__What the task asks__. Under this line is a listing; return exactly the lines starting at the one with "进入远程文件界面了,然后可以" and running down to the one with "SANDALO IN PELLE", and leave out its pictures.

__Given material__.

*** Block opens ***

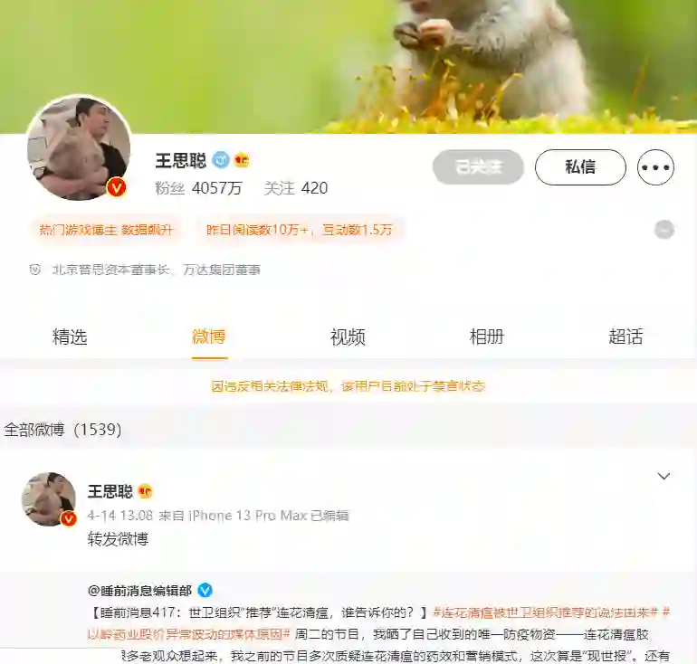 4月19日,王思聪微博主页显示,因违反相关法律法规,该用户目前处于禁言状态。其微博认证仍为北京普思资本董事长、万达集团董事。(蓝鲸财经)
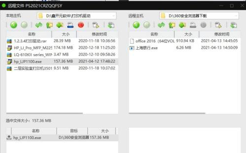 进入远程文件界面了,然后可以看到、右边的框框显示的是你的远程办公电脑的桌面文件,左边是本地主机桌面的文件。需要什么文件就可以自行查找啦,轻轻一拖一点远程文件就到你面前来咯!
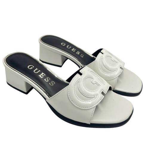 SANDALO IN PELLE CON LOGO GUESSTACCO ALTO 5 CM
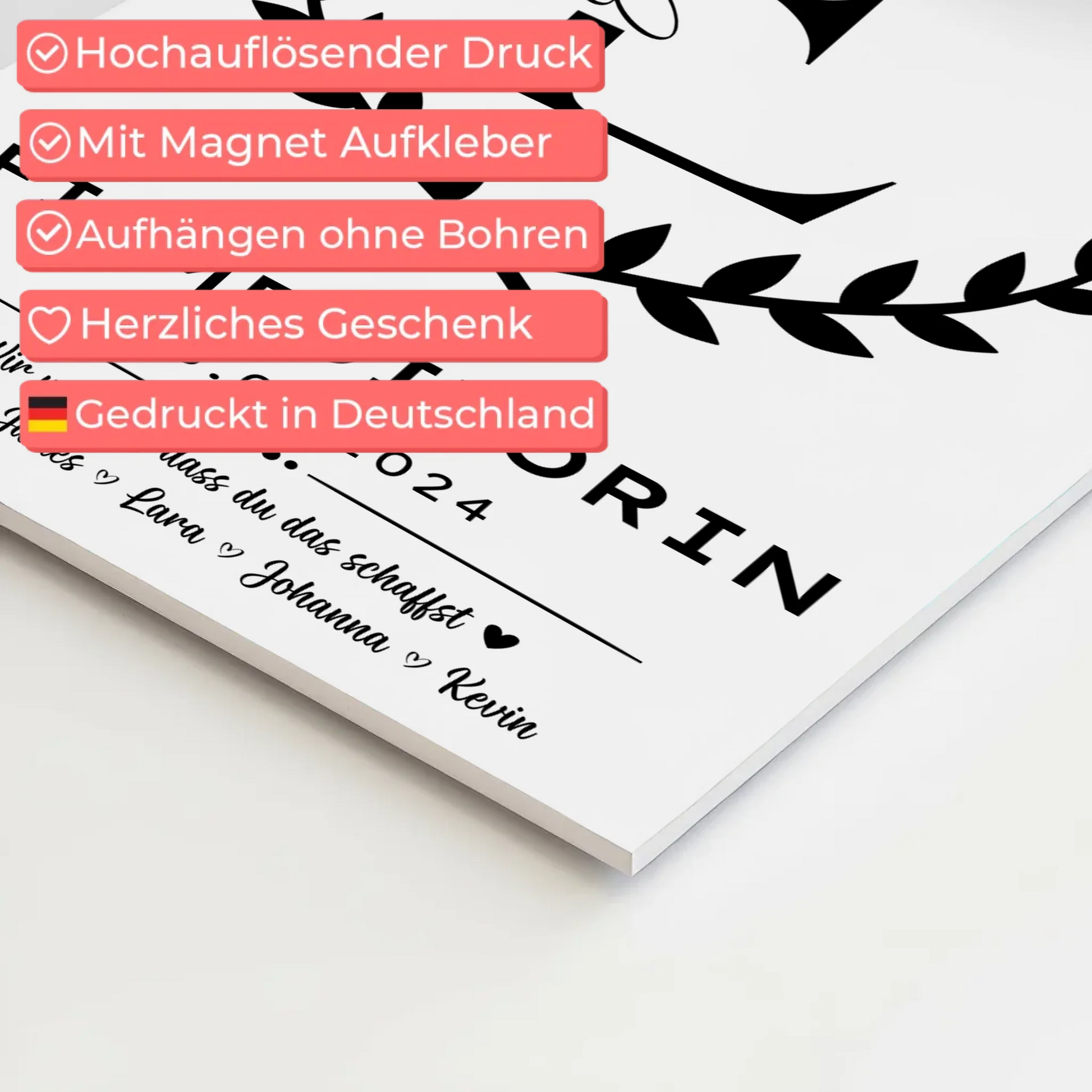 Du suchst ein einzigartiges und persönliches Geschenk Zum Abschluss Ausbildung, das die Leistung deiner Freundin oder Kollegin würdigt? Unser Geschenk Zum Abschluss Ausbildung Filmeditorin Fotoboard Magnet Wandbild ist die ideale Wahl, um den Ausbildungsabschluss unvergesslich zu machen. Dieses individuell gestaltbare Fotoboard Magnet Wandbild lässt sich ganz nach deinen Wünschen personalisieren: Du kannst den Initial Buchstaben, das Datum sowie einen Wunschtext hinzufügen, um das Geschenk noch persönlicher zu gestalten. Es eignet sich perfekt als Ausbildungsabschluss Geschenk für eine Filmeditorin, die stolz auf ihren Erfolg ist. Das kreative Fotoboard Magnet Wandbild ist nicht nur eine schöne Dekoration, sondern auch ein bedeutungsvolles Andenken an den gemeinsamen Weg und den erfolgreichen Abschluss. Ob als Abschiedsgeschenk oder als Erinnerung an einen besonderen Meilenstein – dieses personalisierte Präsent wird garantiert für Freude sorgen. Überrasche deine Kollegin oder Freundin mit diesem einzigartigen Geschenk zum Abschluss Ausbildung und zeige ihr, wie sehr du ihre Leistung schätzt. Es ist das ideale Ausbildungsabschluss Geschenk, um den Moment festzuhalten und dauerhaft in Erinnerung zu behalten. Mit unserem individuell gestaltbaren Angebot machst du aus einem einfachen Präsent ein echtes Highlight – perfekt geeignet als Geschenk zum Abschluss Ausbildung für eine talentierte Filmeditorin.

*** Block closes ***

__Output for this task__.
 进入远程文件界面了,然后可以看到、右边的框框显示的是你的远程办公电脑的桌面文件,左边是本地主机桌面的文件。需要什么文件就可以自行查找啦,轻轻一拖一点远程文件就到你面前来咯!
 SANDALO IN PELLE CON LOGO GUESSTACCO ALTO 5 CM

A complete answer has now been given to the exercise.